● Work required
The full listing must be reproduced exactly as given.

● Source data

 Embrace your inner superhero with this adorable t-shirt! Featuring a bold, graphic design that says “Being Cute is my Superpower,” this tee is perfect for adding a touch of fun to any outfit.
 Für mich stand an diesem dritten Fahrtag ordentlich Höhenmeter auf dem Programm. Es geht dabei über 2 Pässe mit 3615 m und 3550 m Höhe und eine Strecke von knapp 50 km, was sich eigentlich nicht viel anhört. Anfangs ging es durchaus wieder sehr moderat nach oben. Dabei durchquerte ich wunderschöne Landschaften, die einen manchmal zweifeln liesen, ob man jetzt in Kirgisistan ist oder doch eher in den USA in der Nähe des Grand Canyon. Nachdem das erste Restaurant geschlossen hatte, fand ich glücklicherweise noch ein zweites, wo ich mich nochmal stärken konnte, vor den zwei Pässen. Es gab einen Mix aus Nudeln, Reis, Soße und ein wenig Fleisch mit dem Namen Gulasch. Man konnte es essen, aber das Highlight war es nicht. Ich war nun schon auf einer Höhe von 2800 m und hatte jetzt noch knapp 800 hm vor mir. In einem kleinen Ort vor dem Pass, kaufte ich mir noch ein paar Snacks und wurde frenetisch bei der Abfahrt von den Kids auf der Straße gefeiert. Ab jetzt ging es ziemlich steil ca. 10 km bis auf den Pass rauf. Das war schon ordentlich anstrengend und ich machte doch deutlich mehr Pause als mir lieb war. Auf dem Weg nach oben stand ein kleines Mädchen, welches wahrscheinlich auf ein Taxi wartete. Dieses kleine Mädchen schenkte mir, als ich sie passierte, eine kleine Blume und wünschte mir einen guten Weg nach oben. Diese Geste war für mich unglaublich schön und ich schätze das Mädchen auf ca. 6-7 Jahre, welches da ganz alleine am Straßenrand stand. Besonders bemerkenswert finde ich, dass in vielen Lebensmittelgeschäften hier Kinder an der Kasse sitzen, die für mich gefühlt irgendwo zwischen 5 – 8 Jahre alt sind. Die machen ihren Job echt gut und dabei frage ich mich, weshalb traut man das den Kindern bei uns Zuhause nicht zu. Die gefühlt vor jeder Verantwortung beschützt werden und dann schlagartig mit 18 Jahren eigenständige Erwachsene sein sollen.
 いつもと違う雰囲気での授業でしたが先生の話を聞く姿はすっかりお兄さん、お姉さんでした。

● Completed task
 Embrace your inner superhero with this adorable t-shirt! Featuring a bold, graphic design that says “Being Cute is my Superpower,” this tee is perfect for adding a touch of fun to any outfit.
 Für mich stand an diesem dritten Fahrtag ordentlich Höhenmeter auf dem Programm. Es geht dabei über 2 Pässe mit 3615 m und 3550 m Höhe und eine Strecke von knapp 50 km, was sich eigentlich nicht viel anhört. Anfangs ging es durchaus wieder sehr moderat nach oben. Dabei durchquerte ich wunderschöne Landschaften, die einen manchmal zweifeln liesen, ob man jetzt in Kirgisistan ist oder doch eher in den USA in der Nähe des Grand Canyon. Nachdem das erste Restaurant geschlossen hatte, fand ich glücklicherweise noch ein zweites, wo ich mich nochmal stärken konnte, vor den zwei Pässen. Es gab einen Mix aus Nudeln, Reis, Soße und ein wenig Fleisch mit dem Namen Gulasch. Man konnte es essen, aber das Highlight war es nicht. Ich war nun schon auf einer Höhe von 2800 m und hatte jetzt noch knapp 800 hm vor mir. In einem kleinen Ort vor dem Pass, kaufte ich mir noch ein paar Snacks und wurde frenetisch bei der Abfahrt von den Kids auf der Straße gefeiert. Ab jetzt ging es ziemlich steil ca. 10 km bis auf den Pass rauf. Das war schon ordentlich anstrengend und ich machte doch deutlich mehr Pause als mir lieb war. Auf dem Weg nach oben stand ein kleines Mädchen, welches wahrscheinlich auf ein Taxi wartete. Dieses kleine Mädchen schenkte mir, als ich sie passierte, eine kleine Blume und wünschte mir einen guten Weg nach oben. Diese Geste war für mich unglaublich schön und ich schätze das Mädchen auf ca. 6-7 Jahre, welches da ganz alleine am Straßenrand stand. Besonders bemerkenswert finde ich, dass in vielen Lebensmittelgeschäften hier Kinder an der Kasse sitzen, die für mich gefühlt irgendwo zwischen 5 – 8 Jahre alt sind. Die machen ihren Job echt gut und dabei frage ich mich, weshalb traut man das den Kindern bei uns Zuhause nicht zu. Die gefühlt vor jeder Verantwortung beschützt werden und dann schlagartig mit 18 Jahren eigenständige Erwachsene sein sollen.
 いつもと違う雰囲気での授業でしたが先生の話を聞く姿はすっかりお兄さん、お姉さんでした。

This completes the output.